CRM: Customer Segmentation
Through Cluster Analysis
Not all customers are the same: they have different needs, financial backgrounds, and buying patterns. It therefore makes little sense to have the same strategy for all of your customers. But at the same time, having an individual approach for each customer is time and cost intensive. The best choice is to combine customers into groups or segments that can be addressed in a targeted - and therefore more promising - way. Such groups could be, for example, "bargain hunters," "trend setters" or "technology freaks."
In order to define these groups, companies are faced with the task of identifying segments that are as similar as possible within a broad customer base. In this business case Fashionette GmbH, an online shop specialising in the sale of designer bags, was faced with precisely this challenge. The aim was to determine which theoretically-possible segments actually exist in order to develop a specific and efficient marketing strategy.
The basis of every customer segmentation is data that reflect the purchasing behavior of customers. This includes data on each purchase, such as the type and number of items ordered, whether there were returned items, the date and time of the order, etc. In order to assess what of this information could be relevant for the segmentation, Fashionette discussed which data could be used to characterize different customer groups before the actual segmentation began. This approach ensures that all potentially-relevant information is considered. In addition, further important information was identified to enrich the existing data on purchasing behaviour, e.g. whether or not the customer's place of residence is in a city.
The data-driven determination of the existing customer segments takes place with the help of a cluster analysis. Within the framework of this procedure, the statistical similarity between the customers is first determined on the basis of the relevant data. In a second step, the customers are grouped into segments so that the customers within a segment are as similar as possible, while the segments differ as much as possible from each other. In the case of Fashionette, eight customer segments were determined in this way, each containing 5% to 20% of the customer base.

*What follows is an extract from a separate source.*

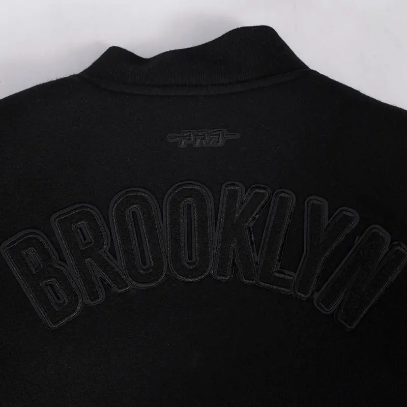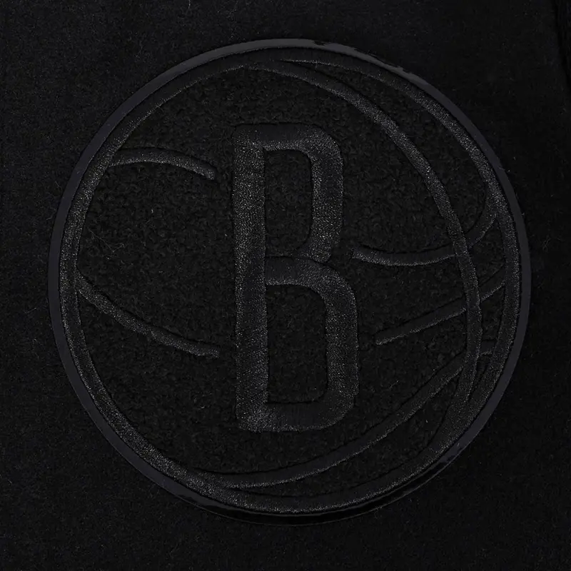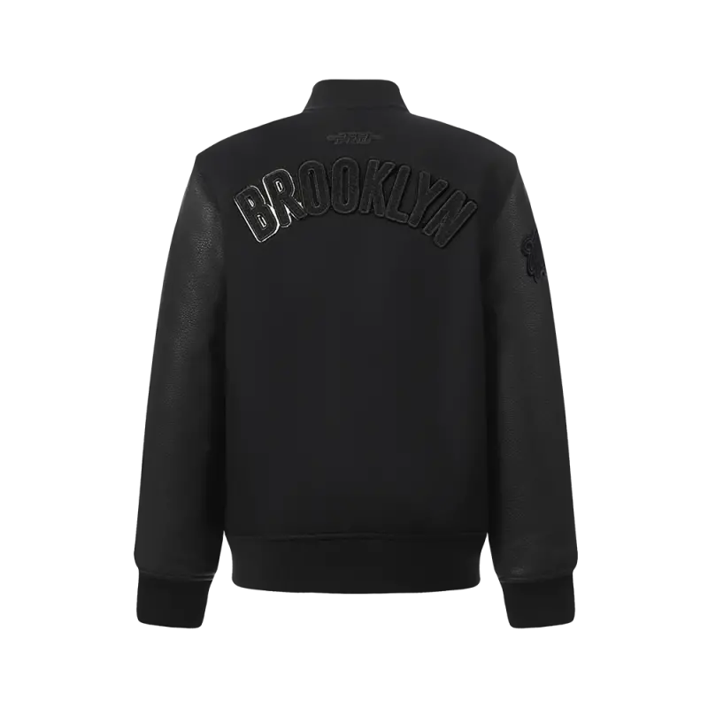 NBA BROOKLYN NETS TRIPLE BLACK BIG BOYS WOOL VARSITY JACKET (JET BLACK)

The ability to interpret the clusters is essential for the acceptance and use of the segments in the business processes to be optimized. To this end, Fashionette and INWT held a joint workshop in which the segments were interpreted on the basis of their statistical characteristics and converted into “personas,” making them much easier to conceptualize and put into practical use.
Successful customer segmentation is the essential basis for Fashionette's differentiated customer relationship management. Customers can now be addressed in a targeted and demand-oriented manner with the aim of increasing customer satisfaction, and at the same time optimizing business results. Fashionette is now in a position to take targeted, optimized measures, such as:
- Sending a newsletter at the right time, with the right content, to the right customers.
- Sending a targeted voucher campaign with content tailored to the customer segments in order to transfer first-time buyers to long-term customers.
Additionally, new customers are automatically added to one of the defined segments based on their characteristics by the segmentation algorithm implemented in the BI system.